The magician (’Che Ganti by name) commenced the performance by playing a prelude on his violin. Presently his wife (an aged Selangor woman) took some of the rice in her hand and commenced to chant the words of the invocation, she being almost immediately joined in the chant by a younger woman. Starting with the words, “Thus I brace up, I brace up the Palm-blossom” (’ku anggit mayang ’ku anggit), their voices rose higher and higher until the seventh stanza was reached, when the old woman covered the two sheaves of Palm-blossom with a Malay plaid skirt (sarong) and the usual “five cubits of white cloth” (folded double), both of which had of course first been fumigated. Then followed seven more stanzas (“Borrow the hammer, Borrow the anvil,” and its companion verses), and rice having been thrown over one of the sheaves of palm-blossom, its sheath was opened and the contents fumigated. Then the old woman took the newly-fumigated sheaf between her hands, and the chant recommenced with the third septet of stanzas (“Dig up, dig up, the wild ginger plant”), as the erect palm-blossom swayed from side to side in time to the music. Finally the fiddle stopped and tambourines were substituted, and at this point the sheaf of blossom commenced to jump about on its stalk, as if it were indeed possessed, and eventually dashed itself upon the ground. After one or two repetitions of this performance, other persons present were invited to try it, and did so with varying success, which depended, I was told, upon the impressionability of their souls, as the palm-blossom would not dance for anybody whose soul was not impressionable (lĕmah sĕmangat).

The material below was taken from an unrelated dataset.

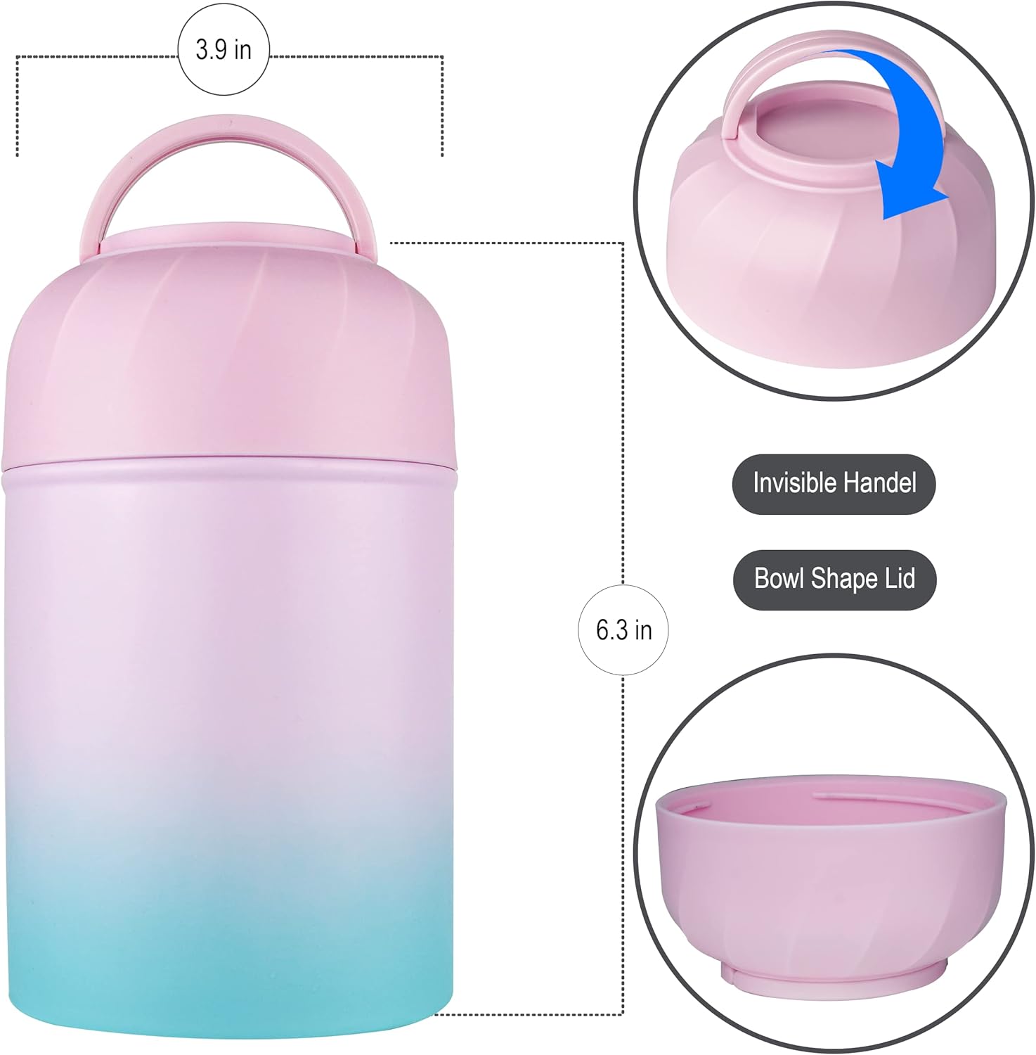Soup Thermo for Hot Food & Drinks, Thermo Lunch Box for Kids, 17oz Vacuum Insulated Food Container with Spoon&&Drawstring Bag, Soup Therm for Adults, Pink&Green

When the first blossom-sheaf had been destroyed by the rough treatment which it had to undergo, the second was duly fumigated and introduced to the company, and finally the performance was brought to a close by the chanting of the stanzas in which the spirit is requested to return to his own place. The two spoiled sheaves of blossom were then carried respectfully out of the house and laid on the ground beneath a banana-tree.
The Dancing Fish-trap (main lukah) is a spiritualistic performance, in which a fish-trap (lukah) is substituted for the sheaf of palm-blossom, and a different invocation is used. In other respects there is very little difference between the two. The fish-trap is dressed up much in the same way as a “scare-crow,” so as to present a rough and ready resemblance to the human figure, i.e. it is dressed in a woman’s coat and plaid skirt (sarong), both of which must, if possible, have been worn previously; a stick is run through it to serve as the arms of the figure, and a (sterile) cocoa-nut shell (tĕmpurong jantan) clapped on the top to serve as a head. The invocation is then chanted in the same manner and to the same accompaniment as that used for the “Palm-blossom.” At its conclusion the magician whispers, so to speak, into the fish-trap’s ear, bidding it “not to disgrace him,” but rise up and dance, and the fish-trap presently commences to rock to and fro, and to leap about in a manner which of course proves it to be “possessed” by the spirit. Two different specimens of the invocations used will be found in the Appendix.